Figure 1. A network map of articles regarding critical thinking disposition

If you are interested in embedding teaching and learning activities to further develop students’ critical thinking or wish to collaborate with Angelito on investigating the critical thinking literature, please contact him directly or the WCLA.

References:
Brunt BA. (2005). Models, measurement, and strategies in developing critical-thinking skills. Journal of Continuing Education in Nursing, 36(6), 255–276.

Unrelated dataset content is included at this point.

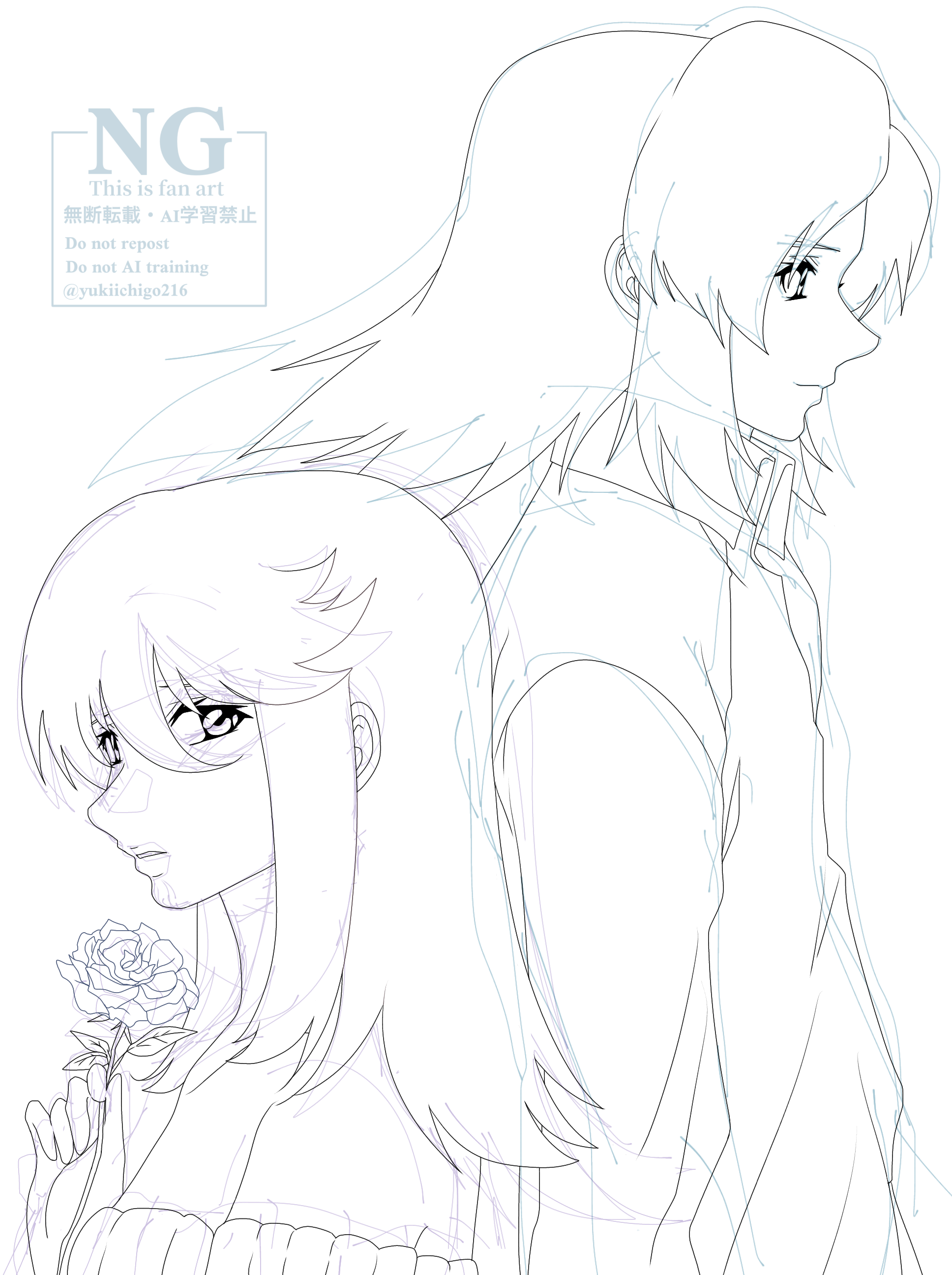カードでは完全に背を向けてたオルフェ、ちょっとはイングリットも見てやって!!な気持ちになってしまいました💦というかアセべの他のオルインも背中合わせとかだしな🥲でもオルフェ、ほんとに見てないんだろうなぁ…と切なくなりながらこんな構図の二人を描いてしまったんですが。二人の見ている先が見事にすれ違ってます…

Google (2018). Google Books Ngram Viewer. Retrieved 15 November 2018, from https://books.google.com/ngrams/graph?content=critical+thinking&year_start=1800&year_end=2018&corpus=15&smoothing=3&share=&direct_url=t1%3B%2Ccritical%20thinking%3B%2Cc0
Greenhalgh, T. (1997). How to read a paper: papers that summarise other papers (systematic reviews and meta-analyses). British Medical Journal, 315(7109), 672-675.
Jance, M. & Morgan, A. (2013). Critical learning skills for business students. American Journal of Business Education, 6(1), 25-32.
Kronberg, J. & Griffin, M. S. (2000). Analysis Problems—A Means to Developing Students’ Critical-Thinking Skills: Pushing the Boundaries of Higher-Order Thinking. Journal of College Science Teaching, 29(5), 348-3352
McEwen, B. C. (1994). Teaching critical thinking skills in business education. Journal of Education for Business, 70(2), 99
Nicholson, J. D., LaPlaca, P., Al-Abdin, A., Breese, R., & Khan, Z. (2018). What do introduction sections tell us about the intent of scholarly work: A contribution on contributions. Industrial Marketing Management, 73, 206–219.
Smith, G. F. (2003). Beyond critical thinking and decision making: Teaching business students how to think. Journal of Management Education, 27(1), 24–51.
Tranfield, D., Denyer, D., & Smart, P. (2003). Towards a methodology for developing evidence-informed management knowledge by means of systematic review. British Journal of Management, 14(3), 207-222.